東南アジア
 ポルポト政権 

プノンペンでは観光はしないと思っていたものの、
せっかく来たことだし、やっぱり少しはしておこうか?ということになり
二箇所だけ行くことに。

トゥクトゥクをチャーターしてまずキングス・フィールドへ。

このドライバーが3人だっていうのに10$なんて微妙な金額にしてくる。
9$にしてよ〜! とどんなに頼み込んでも一歩も引かないので、仕方無くこの人に負けて10$で行くことに。

キングス・フィールドは中心部からトゥクトゥクで30分くらいのところにあります。
途中から舗装されていない道に。埃が半端じゃない。
よく見ると、みんなマスクを着用。
確かにマスク無しで、この道は辛いです。

とその時、ドライバーがあるお店の前に止まりました。
何をしてるんだろうと思うと、どうやらマスクを買っている様子。
しかも…3つ。
もしかして…
え?私たちに?!
そう、私たちのためにマスクを買ってくれたのです。
優しいじゃん!!!ケチとか思ってごめんね!

マスクをしてみた私たち 布製のマスク。結構すっぽりタイプ

たけちゃん たけちゃんも一緒です!後ろを見れば分かるようにかなりの砂埃!
助かりました。

そして、キングス・フィールドへ。
ここは、ポルポト政権のときにプノンペンにあるトゥールス・スレン刑務所に収容された人々が連れてこられて処刑され、その遺体が埋められた場所です。
その埋められた穴の数、なんと129ヶ所。
その一部は掘り返され、慰霊塔に遺骨や当時の服がそのまま安置されています。

その慰霊塔は外からでも中が見えるようになっていますけれども
頭蓋骨などがむき出しになっていて、見ているのも辛いほど…
写真を撮れる気持ちにはとてもなれませんでした。

その他にも、当時の様子なども絵で描かれていたりしました。
生きたまま、穴に落とされ埋められたような絵も…
言葉になりません。

今でも、この場所には掘り起こされていないままの遺体が数え切れないほど埋まっているとのこと。
掘り起こされたところは大きな穴が開いたままの状態になっています。
ここで、起きたことは今から30年前くらいのことです。
自分が生まれる何年か前にこんな悲惨なことがあったと思うと…
独裁者って何なのでしょう。

地面から出ている骨や衣服 歩いていると、こんな感じにいまだに掘り起こされていない骨や服が地面から出ていたりします。ここを普通に歩いていて、いいのか疑問に思ってきます。

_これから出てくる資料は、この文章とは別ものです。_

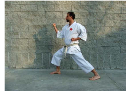
Uchiuke in zenkutsudachi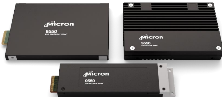
Micron 9550 NVMe SSD

Micron IP and components are fully vertically integrated with Micron-designed controller ASIC, 232-layer NAND, DRAM, firmware, and validation.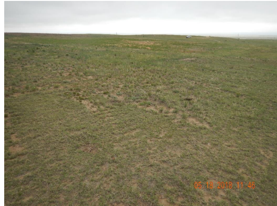
Photo 4: Photo taken from the southwest corner of the location, facing northeast. See comments under photo 1.

暗い気持ちになりながらも、次はここに連れてこられる前に収容されていたというトゥールス・スレン刑務所へ。

トゥールス・スレン刑務所。
ここが今はポルポト派の残虐行為を後世に残すための博物館になっています。
そして、ここは刑務所になる前はなんと高校の校舎だったというから、また驚きです。
外観は日本の高校の校舎そのもの。門があり、今は中庭らしき場所が元々は校庭だたのかもしれません。

まず、入ってすぐのところにA棟があります。
そこは当時尋問室として使われていた場所です。

薄暗い部屋の中にはいまだに当時使っていた鉄のベットが置いてあったり、
尋問するために使ったと思われる拷問道具みたいなものも置いてありました。
入っただけでゾっと寒気のするこの部屋。長くいることは出来ませんでした。

そして、その隣のB棟。
ここには、この刑務所に収容されていた人たちの顔写真が部屋全体にずらっと並べられています。
そして、その写真の部屋は一部屋だけではなく、何部屋にも続いてました。

おびただしい数の顔写真。若い人、老人や子供まで。
ここに連れてこられて、この写真を撮られたとき、何を思っていたのか。
そして撮るほうも何を考えていたのか。
今から殺されるということが分かっている人たちの顔は悲しげというよりも、どこかで諦めてるかのような表情で、その顔を一枚一枚見ていくと胸が苦しくなりました。

C棟には当時のままになっている狭い狭い独房。
一畳くらいずつ壁で仕切られただけの独房。

そしてD棟には拷問の様子を描いた絵や、
拷問に使われた道具などが展示してあります。
絵だけれども、見ているだけで気持ち悪くなります。
本当にこんな残酷なことが行われていたのか
人間はここまで残酷になれるものなのか。

辛くなります。
目をそむけてはいけないことかもしれませんけれども、あまりにも…

いまだに世界には戦争や争いが続いてる場所があり、
残虐が行われています。
それをなくすためにも、多くの人が戦争の恐ろしさをこの博物館を実際に見てわかってほしいと思うばかりでした。

ここを出るとき、片足の物乞いのおじいちゃんが
日本語で 「お金ください」と言って私たちに手を差し伸ばしてきました。
「お金ください」
そんなストレートな日本語…
自分はどうするべきなのか本当にわからなくなります。